4. Discussion
We explored the impact of the number of PCR
replicates and read sampling depth, two common parameters in eDNA
experimental design, on estimates of taxonomic diversity. Using eDNA
extracts from six sites at three ecologically and geographically
distinct locations, we performed 24 PCR replicates for each of
metabarcodes: plant ITS (PITS) and fungal ITS (FITS). We then analyzed
these replicates by compiling data sets that included different read
sampling depths and minimum read cutoffs. We find that PCR replicates
are consistent in the composition (Figure 7) and relative abundance (RA)
(Figures 3 and S1) of high abundance taxa, but inconsistent in recovery
of low abundance taxa, and that even large numbers of PCR replicates are
insufficient to fully characterize diversity at any site.

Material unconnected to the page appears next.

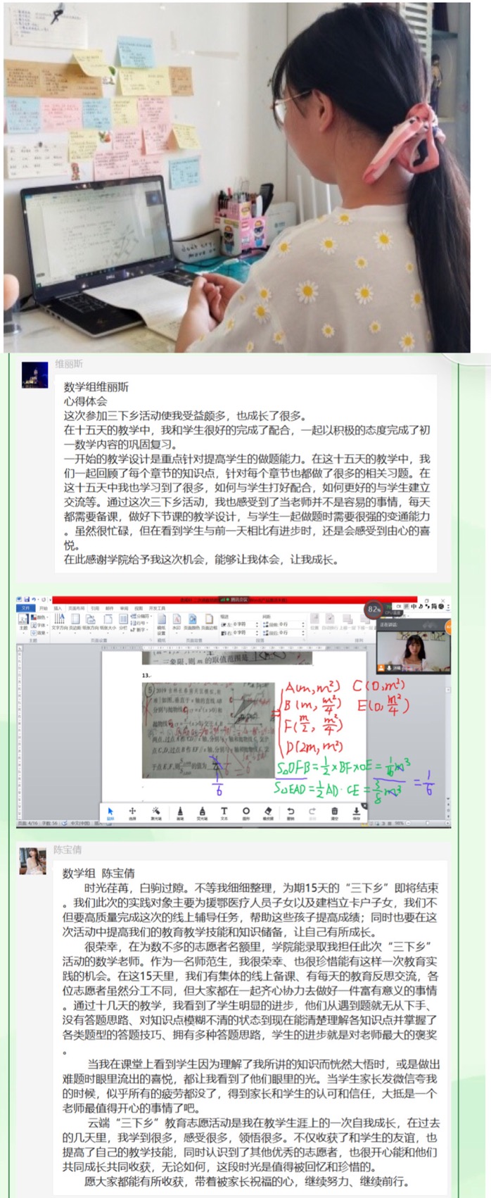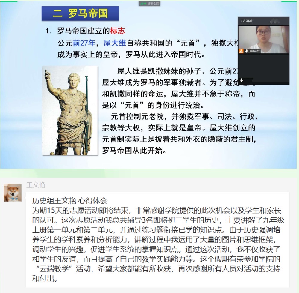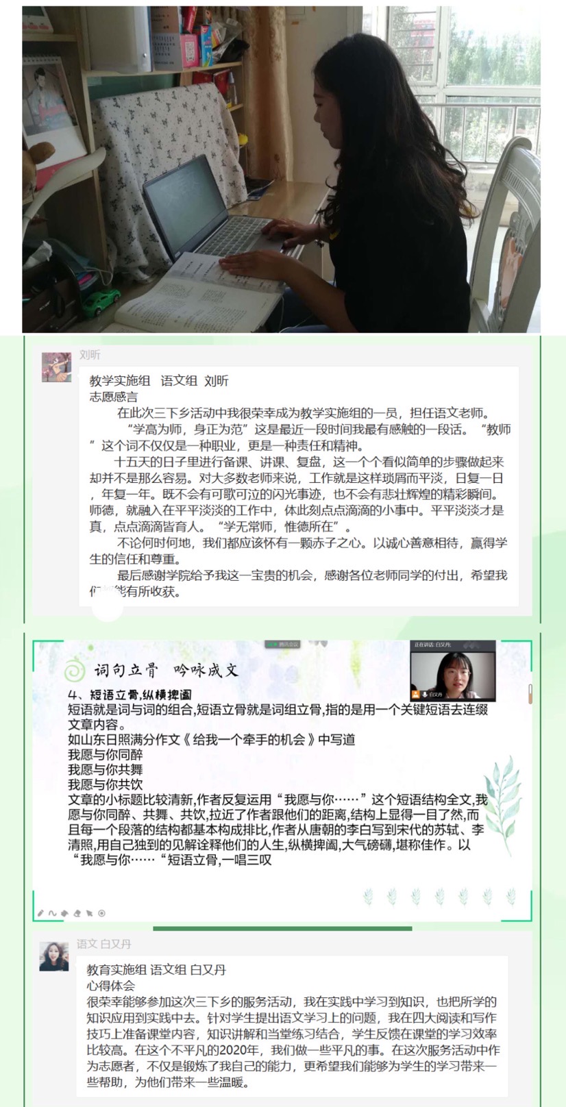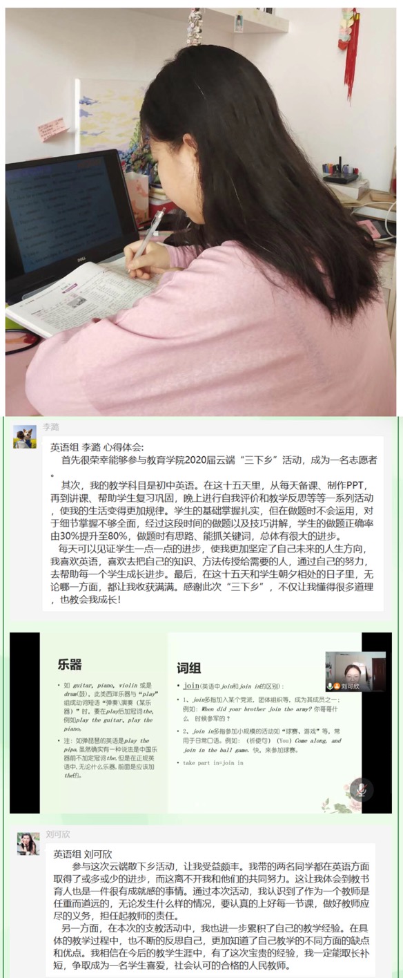 岁月不居,时光如流。为期十五天的暑期云端“三下乡”教学工作即将结束。在这短暂而充实的十五天中,教学实施组的志愿者们发挥专业特长,秉承志愿精神,认真负责地完成教学工作,付出很多心血和努力的同时也得到了锻炼和成长。志愿者们在志愿活动中积极交流经验,分享教学成果,共享心得体会,形成了良好的学习和志愿服务氛围,为志愿者们本次的教学活动画上了圆满的句号。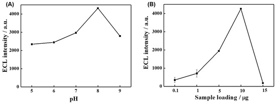 The experimental conditions, including pH and sample loading, were optimized as they affected the ECL intensity of the electrode. In order to determine the optimal pH value of the reaction solution, electrolytes with different pH values were first prepared, and the ECL properties of TCPP-Zn-(S)-BINOL/GCE were tested under the same experimental conditions. It can be seen from Figure 5A that the ECL intensity of TCPP-Zn-(S)-BINOL/GCE first increases with the increase in pH value. When the pH value of the electrolyte is 8, the ECL intensity reaches the maximum value. Subsequently, with the increase in pH value, the ECL intensity decreases. This may be because the material is unstable under the condition of being too acidic or too alkaline, resulting in the reduction in ECL to varying degrees. Therefore, pH 8.0 is the most suitable for optimum ECL measurement.

When considering only high abundance taxa, our PCR replicates produced
community profiles that distinguished sites from each other, even sites
that are geographically proximate and presumably similar in community
composition (Figure 4). The majority of high abundance taxa were
detected in all 24 PCR replicates, excluding outlier PCRs. This result
provides empirical support for the modeling-based prediction by Ficetola
et al (2015) that PCR replicates will consistently detect taxa that have
high “detection probability”, which they define as taxa present in
high abundance relative to other taxa at a site. We also observed that
the number of reads assigned to a taxon within a PCR was positively
correlated to the frequency with which that taxon was observed across
PCR replicates (Figures 3, 7), which was also reported by Smith and Peay
(2014). Together, these results confirm that community profiles based on
high abundance taxa are replicable among PCRs and capable of
distinguishing sites. Minimal PCR replication is therefore necessary to
characterize sites using β diversity statistics that derive from high
abundance taxa.
While high abundance taxa were recovered consistently among our PCR
replicates, low abundance taxa were not (Figures 1, 2, 6). Low abundance
taxa rarely occurred in PCR replicates; we observed some low abundance
taxa in several PCR replicates but most in only a single replicate.

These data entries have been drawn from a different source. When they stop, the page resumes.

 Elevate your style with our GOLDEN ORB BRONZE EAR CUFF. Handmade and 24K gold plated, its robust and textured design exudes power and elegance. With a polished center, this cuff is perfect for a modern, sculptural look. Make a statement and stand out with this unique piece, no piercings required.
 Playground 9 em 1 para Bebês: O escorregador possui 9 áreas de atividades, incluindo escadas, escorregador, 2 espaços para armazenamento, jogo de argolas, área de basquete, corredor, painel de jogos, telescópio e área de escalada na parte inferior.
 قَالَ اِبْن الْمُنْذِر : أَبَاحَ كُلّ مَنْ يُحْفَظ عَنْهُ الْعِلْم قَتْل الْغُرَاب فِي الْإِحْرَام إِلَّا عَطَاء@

Unsurprisingly, this stochasticity in recovery of low abundance affected
biodiversity statistics that rely on raw taxon counts, such as α
diversity. While this observation has been reported previously (e.g.
Beentjes et al., 2019; Ficetola et al., 2008) our results highlight how
the problem can be exacerbated by shallow sequencing read depths and low
minimum read cutoffs. Specifically, we find several fold differences in
maximum richness and rarefied richness among replicates depending on
what values we selected for read depth and minimum read cutoff. While
the stochasticity in recovery of low abundance taxa poses challenges in
interpretation of some biodiversity statistics, it tends not to
influence β diversity between sites measured as either presence-absence
(Figure 4) or RA (Figure S1), or on position with a PCoA.
At our six sites, 24 PCR replicates were not sufficient to detect
all rare taxa and therefore stabilize the species accumulation curves
(Figure 5). This result supports previous observations that using
different numbers of PCR replicates will alter taxonomic profiles
(Alberdi et al. 2017; Murray, Coghlan, and Bunce 2015). Intriguingly,
Smith and Peay (2014) reported the opposite conclusion: that increasing
the number of PCR replicates does not influence α diversity. As is
common in eDNA studies, Smith and Peay amplify each of their PCRs over
30 cycles, whereas we estimated the optimal number of cycles for each
reaction separately using qPCR, following Murray, Coghlan, and Bunce
(2015). Overamplification of PCR amplicon pools can reduce the
complexity of the amplicon pool as read “species” that replicate more
efficiently outcompete others that replicate less efficiently (Nichols
et al., 2017). Consequently, taxa that are least efficiently amplified
will become increasingly rare and may not be observed, in particular at
low read sampling depths.
We observed most singleton taxa in only one PCR replicate (Figure 6).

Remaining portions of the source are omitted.